RPC and Pallas Partners secure key arbitration hires in London

As RPC appoints London team head from Stephenson Harwood, Pallas builds on launch with first partner lateral

Shai Wade (left) and Nelson Goh

Two eye-catching hires this week have seen RPC and the recently launched Pallas Partners boost their ranks of arbitration partners.

RPC is celebrating the arrival of Shai Wade from London rival Stephenson Harwood while Boies Schiller Flexner’s former deputy chair, Natasha Harrison, has secured her new firm’s first lateral partner recruit: Debevoise & Plimpton counsel Nelson Goh.

Wade, who is well-liked in arbitration circles, announced his departure from Stephenson Harwood in an amicable post on LinkedIn last week, thanking his former partners for their support and friendship during ten years at the firm.

Active in all the major arbitral institutions, he will bring 25 years of practice to his new role heading RPC’s London arbitration team and it is expected he will eventually succeed practice chair Jonathan Wood. 

His sectoral experience fits the firm’s key practice areas and includes infrastructure; international sale of goods; upstream oil and gas and energy; and joint venture, partnership and shareholder disputes. He is also developing an arbitrator practice, which, like Wood's, will be run alongside his counsel work.

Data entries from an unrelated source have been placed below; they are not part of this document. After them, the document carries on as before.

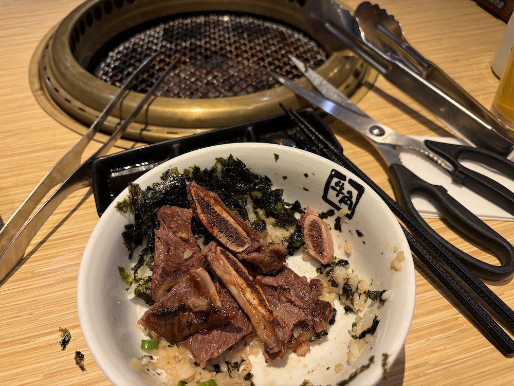 但個有骨肋肉好韌,我勉強食咗一塊,決定都係問店員拎鉸剪,一開三,易咬好多
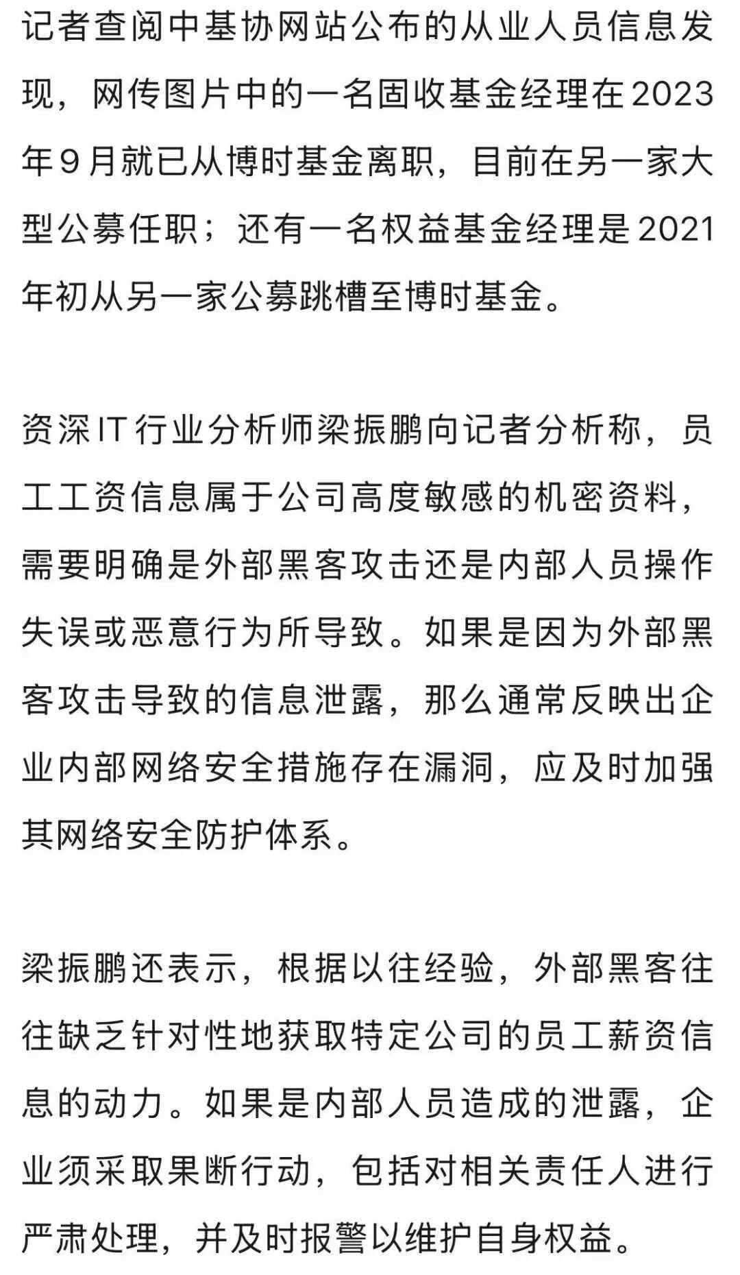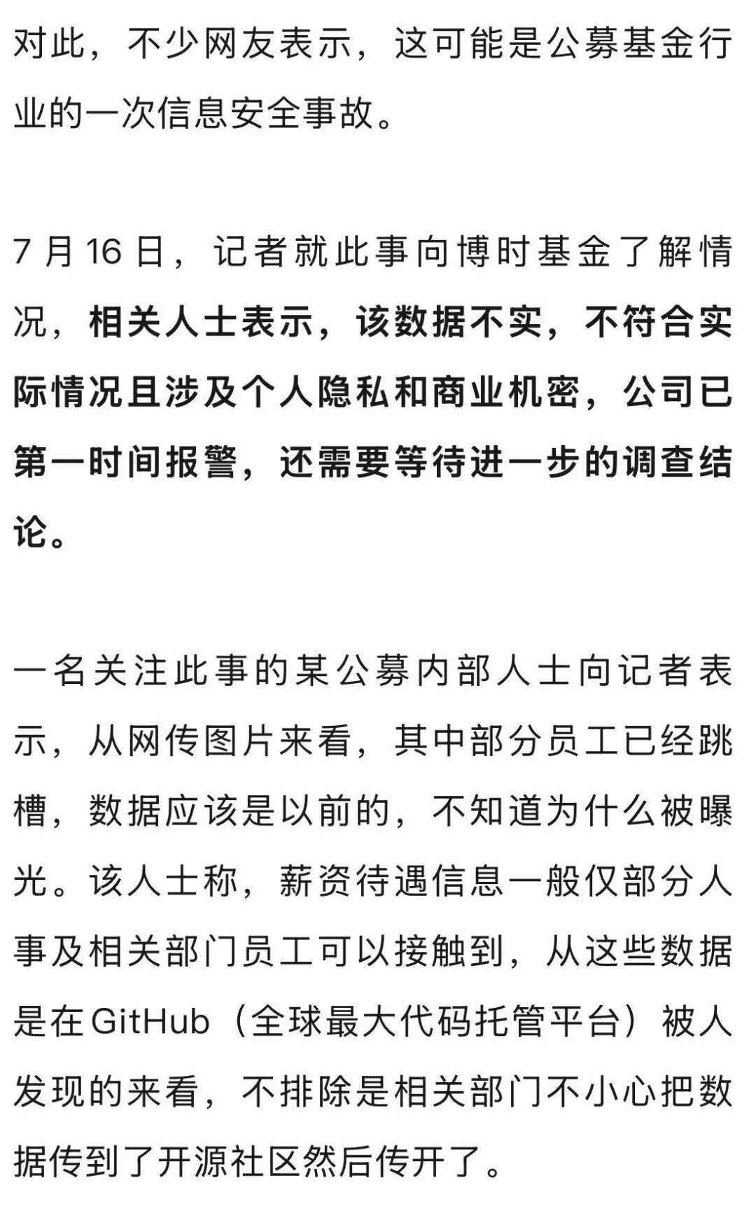7月16日消息,近日,一则“博时基金数据库疑似泄露,员工工资曝光”的消息刷屏。从曝光内容来看,涉及从固收、权益到财务、信息等部门数十名员工的工号、姓名、职级、月薪等情况,其中月薪最高为13.5万元。还有一张网传图片列出了一部多名员工的年终奖明细,奖金最高的为610万元,最低为49万元。
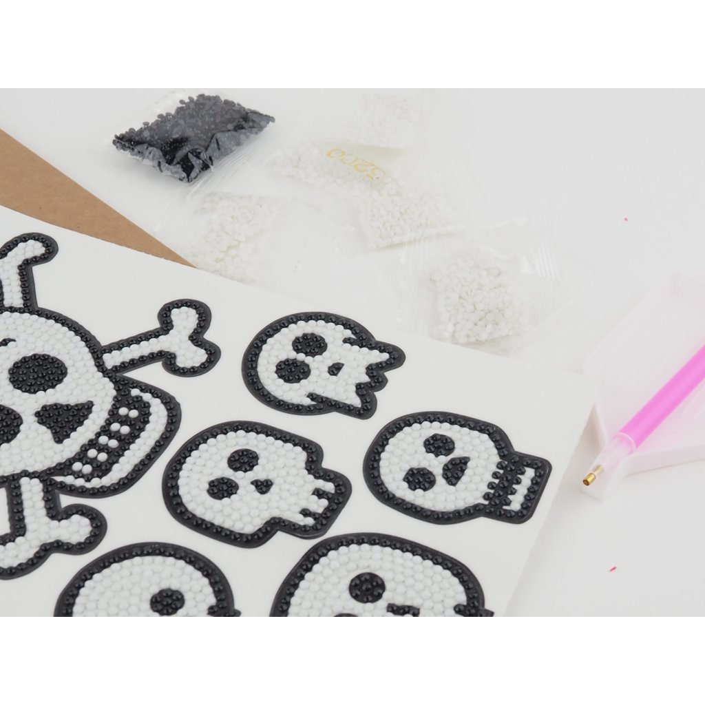 Le kit contient tout ce dont vous avez besoin : autocollants, diamants et outils (plateau, cire, stylo à diamants).

RPC said Wade’s hire reflected its strategy of boosting its disputes resolution capabilities in London and Asia. In 2020, it hired Singaporean disputes partners Swee Siang Boey and Yuankai Lin from Bird & Bird, but the firm suffered a setback this January when London head of civil fraud Andy McGregor was snapped up by Allen & Overy

“As the international arbitration market continues to grow at a record pace, Shai’s arrival could not have come at a better time,” said Wood.

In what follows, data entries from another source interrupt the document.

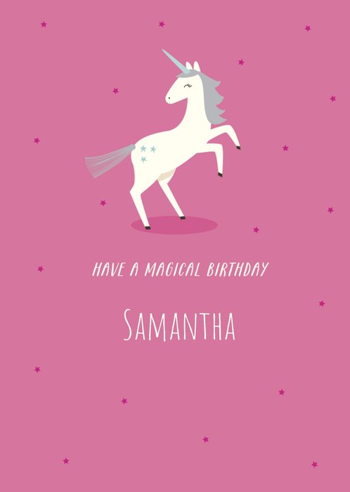 Een leuke verjaardagskaart van UK Greetings met een unicorn en de tekst: Have a magical birthday [naam].
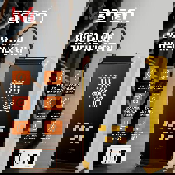 Featuring a dual digital display this smart tyre pressure monitoring system allows precise control with auto shut-off when your target pressure is reached. Use preset modes for cars bikes balls and more — or set custom values easily.
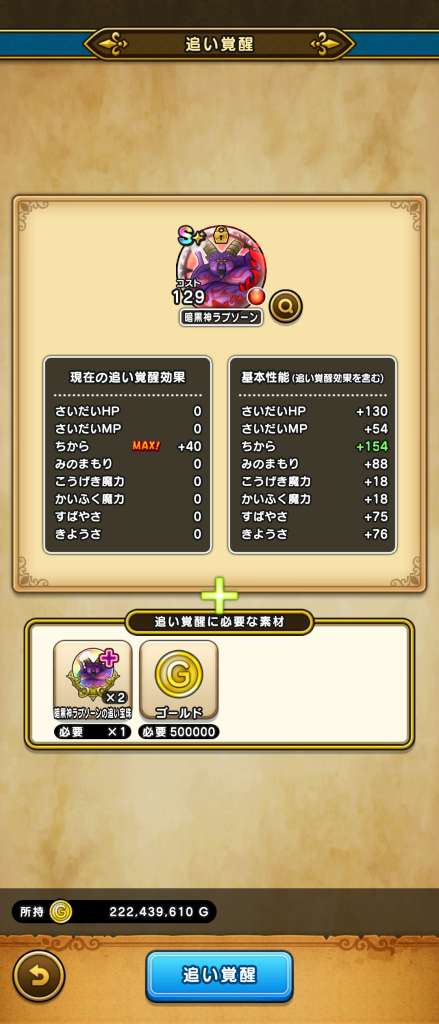 暗黒神ラプソーン(覚醒)のこころSの性能と必要個数
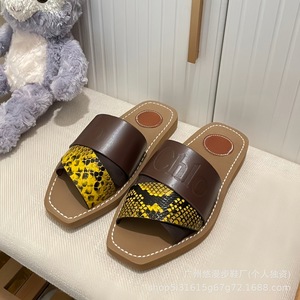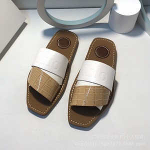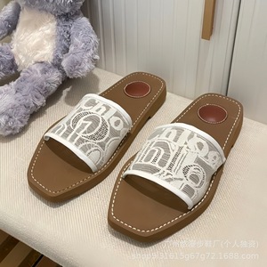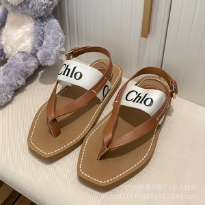 Chlo*罗马平底拖鞋女夏季时尚外穿防滑字母刺绣休闲沙滩一字凉拖
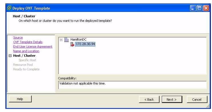 Choose the host or cluster on which to install the VSM and click Next.

At RPC, Wade will team up with London-based arbitration partners Tatiana Minaeva, who joined in 2019 from Jones Day, Charles Allen, and the vastly experienced Wood.

Wade is no stranger to the team; both he and Minaeva were leading lights in arranging Tel Aviv Arbitration Week, which took place in March, and were also prominent at last month’s London International Disputes Week.

Meanwhile, at Pallas Partners, which was launched amid a blaze of publicity by Harrison in February, an important landmark has been reached with the arrival of Goh, who becomes its seventh partner.

While arbitration is not Goh’s only skill – a dual-qualified London and Singaporean lawyer, he has litigation experience ranging from antitrust, climate change litigation, and public international law claims – it is a mainstay of his practice.

Work highlights in this area include acting for an Asian state-owned oil company in a joint-venture dispute concerning a high-profile energy project in Africa.
 
He has experience in energy, joint-venture and general commercial disputes, including those with an Asian nexus. He also maintains a strong academic profile, notably as a fellow at his alma mater, the National University of Singapore. 

Goh said he was attracted by the challenge Pallas presented as “a different kind of law firm” and highlighted its commitment to ESG and pro bono work. 

His pro bono work includes assisting the Clooney Foundation for Justice, and Chab Dai UK, an anti-human trafficking NGO.

Before legal practice, Goh served his national service in the Singapore Navy and was awarded the Sword of Honour on graduation as an officer cadet before later qualifying with leading Singaporean independent Rajah & Tann. 

The move reunites him with former colleagues at Pallas, having spent two-and-a-half years at Boies Schiller's London office before joining Debevoise in 2018.